- Flag of Uzbekistan
- IOC code: UZB
- NOC: National Olympic Committee of the Republic of Uzbekistan
- Website: www.olympic.uz (in Uzbek and English)

in Milan and Cortina d'Ampezzo, Italy 6 February 2026 – 22 February 2026
- Competitors: 2 (2 men) in 2 sports
- Flag bearer (opening): Daniil Eybog
- Flag bearer (closing): Volunteer
- Medals: Gold 0 Silver 0 Bronze 0 Total 0

Winter Olympics appearances (overview)
- 1994; 1998; 2002; 2006; 2010; 2014; 2018; 2022; 2026;

Other related appearances
- Soviet Union (1956–1988)

= Uzbekistan at the 2026 Winter Olympics =

Uzbekistan competed at the 2026 Winter Olympics in Milan and Cortina d'Ampezzo, Italy, from 6 to 22 February 2026. This was the country's ninth appearance at the Winter Olympics, after its debut in 1994.

The Uzbek team consisted of two male athletes competing in two sports. Short track speed skater Daniil Eybog was the country's flagbearer during the opening ceremony. Meanwhile, a volunteer was the country's flagbearer during the closing ceremony.

==Competitors==
The following is the list of number of competitors participating at the Games per sport/discipline.

| Sport | Men | Women | Total |
|---|---|---|---|
| Alpine skiing | 1 | 0 | 1 |
| Short-track speed skating | 1 | 0 | 1 |
| Total | 2 | 0 | 2 |

==Alpine skiing==

Uzbekistan qualified one male alpine skier through the basic quota.

| Athlete | Event | Run 1 |  | Run 2 |  | Total |  |
| Time | Rank | Time | Rank | Time | Rank |
| Medet Nazarov | Men's giant slalom | 1:25.75 | 54 | 1:21.14 | 58 | 2:46.89 | 50 |
| Men's slalom | 1:07.51 | 34 | DNF |  |  |  |

==Short-track speed skating==

Uzbekistan qualified one male short-track speed skater after the conclusion of the 2025–26 ISU Short Track World Tour. This will mark the country's sport debut at the Winter Olympics. Daniil Eybog represented the country. Eybog originally competed for Russia, but switched to compete for Uzbekistan because of restrictions placed on Russian athletes due to the war in Ukraine.

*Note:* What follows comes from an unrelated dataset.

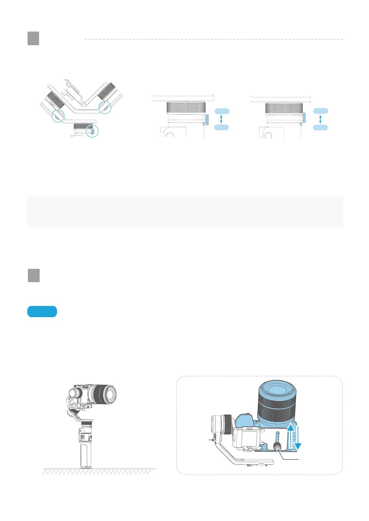 (1) Let the gimbal stand on a horizontal plane, unlock the tilt axis position lock.

| Athlete | Event | Heat |  | Quarterfinal |  | Semifinal |  | Final |  |
| Time | Rank | Time | Rank | Time | Rank | Time | Rank |
| Daniil Eybog | Men's 500 m | 1:01.577 | 3 ADV | 1:07.497 | 5 | Did not advance |  |  | 19 |
| Men's 1500 m | —N/a |  | 2:16.963 | 3 Q | 2:18.000 | 3 QB | 2:35.103 | 14 |

==Non-competing sports==
===Figure skating===

At the 2025 World Figure Skating Championships in Boston, the United States, Uzbekistan secured one quota for a team in pairs skating. However, the country declined the quota spot after the male athlete in the pairs was injured and could not recover in time.